Der 3. Strafsenat hat die Entscheidung des LG für rechtsfehlerfrei gehalten und wollte die Revision des Angeklagten zu verwerfen. Wegen ggf. entgegenstehender Rechtsprechung anderer Strafsenatehat es dort emäß § 132 Abs. 3 Satz 1 GVG angefragt, ob diese an (gegebenenfalls) entgegenstehender Rechtsprechung festhalten (BGH, Beschluss vom 15. Oktober 2015 – 3 StR 63/15, NStZ 2016, 203). Nach den erhaltenen Antworten hat er dann vorgelegt.

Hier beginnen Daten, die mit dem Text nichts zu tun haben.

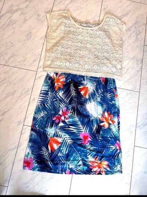 ハワイ風の華やかなリゾート柄、シャラッとした着やすいワンピースです♪
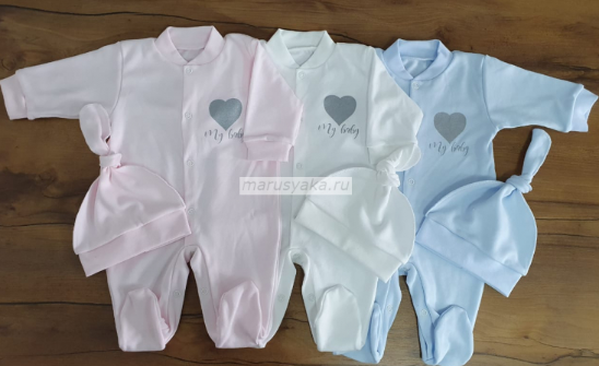 Набор на выписку для новорожденного состоит из двух предметов : комбинезон и шапочка.

Der Große Senat hat dann dem BGH, Beschl. v. 24.07.2017 – GSSt 3/17 -geantwortet:
Im Rahmen der bei der tatgerichtlichen Ermessensentscheidung über die Strafrahmenverschiebung nach den §§ 21, 49 Abs. 1 StGB gebotenen Gesamtwürdigung aller schuldrelevanten Umstände kann eine selbstverschuldete Trunkenheit die Versagung der Strafrahmenmilderung tragen, auch wenn eine vorhersehbare signifikante Erhöhung des Risikos der Begehung von Straftaten aufgrund der persönlichen oder situativen Verhältnisse des Einzelfalls nicht festgestellt ist.
Und jetzt hat dann der 3. Strafsenat im BGH, Beschl. v. 08.03.2018 – 3 StR 63/15 – die Revision verworfen:
„….bb) Nach diesem Maßstab durfte das Landgericht, obwohl die tatbestandlichen Voraussetzungen des 21 StGB vorlagen, in Ausübung seines Ermessens wegen der Vorwerfbarkeit der Alkoholisierung eine Strafrahmenmilderung nach § 49 Abs. 1 StGB ablehnen. Anders als der Beschwerdeführer meint, hing die Rechtmäßigkeit der Entscheidung nicht von Feststellungen zur Vorhersehbarkeit der Tat im Zeitpunkt des Sich-Berauschens ab; dazu, ob der Angeklagte erkennbar zu Gewalttaten in alkoholisiertem Zustand neigte, brauchten sich die Urteilsgründe nicht zu verhalten…..“
Man darf gespannt sein, wie sich die Fragen jetzt weiter entwickeln. Wie hat Jahn in der Anmerkung zu dem Beschluss des Großen Senats in der NJW so schön geschrieben: Ein weiterer Schritt zur Abkehr vom Tat- und Schuldstrafrecht hin zu einem gesellschaftlichen Steuerungsinstrument.